One of the main benefits of yolov5 are the large batch sizes that can be used, since the GPU memory requirements are very low. For example yolov5x can run at --batch-size 64 --img 640 with no problems, and yolov5s can run at up to --batch-size 256 --img 640 on certain rectangular images like HD video.

So yes, I can artificially limit ourselves to batch size 8 to compare to efficientdet, but I'm not sure if this makes sense to do when one of the primary benefits of yolov5 is larger batch sizes and lower gpu memory.

glenn-jocher · 2020-06-12T02:32:20Z

@WongKinYiu, I've updated the study results to include yolov3-spp, and also to update yolov5m, which was reporting results from an older training before (new results are +0.3mAP to match correct table).
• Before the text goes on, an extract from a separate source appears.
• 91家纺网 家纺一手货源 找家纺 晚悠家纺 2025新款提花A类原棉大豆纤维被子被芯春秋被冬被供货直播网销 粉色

The updated study results are here: study2.zip

WongKinYiu · 2020-06-12T03:22:24Z

@glenn-jocher Thanks for updating many information.

#6 (comment)

I think it is better to remove efficientdet in the figure if they are running in different condition.

#6 (comment)

I agree large-batch inference is very important in cloud streaming inference, since the latency of model inference usually can be ignored when compare with internet latency.
But batch-size 1 inference is still very important on GPU, a good example is auto-driving scenario, the inference latency of main streaming should be less than 1/200 second.

#6 (comment)

I think efficientdet can run in larger batch-size due to depth-wise convolution usually need less memory space for inference (but it need huge memory space for training).

#6 (comment)

Thanks for the update, it seems currently YOLOv4-608(45.9%) can gets comparable AP as YOLOv5l-736(45.7%).
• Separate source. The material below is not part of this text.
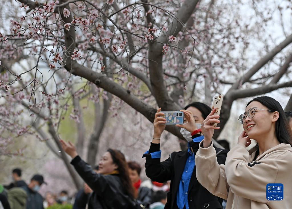 3月19日,游客在天津市紅橋區北運河畔的桃花堤上拍照。

WongKinYiu · 2020-06-12T05:37:56Z

@glenn-jocher

YOLOv3-SPP & YOLOv5l: trained with resolution 640 +50% -50%
YOLOv4: trained with resolution 512 +50% -33%

glenn-jocher · 2020-06-12T06:22:36Z

@WongKinYiu thanks for the comparison! Yes it is good to do an apples to apples comparison. YOLOv5 is just getting started, so I hope there is a lot of improvement we can look forward to.

One point though is that all 3 of these models were trained and tested with ultralytics repos, so yolov4 here is not the same results as the paper, with the bag of specials, etc, it is the result of extensive and very difficult ultralytics development over the last year that allows ultralytics yolov4 to exceed the published yolov4 paper results. The yolov4 paper on arxiv shows 43.5 AP. No one will realize this since ultralytics training is not mentioned in the yolov4 paper, only darknet training.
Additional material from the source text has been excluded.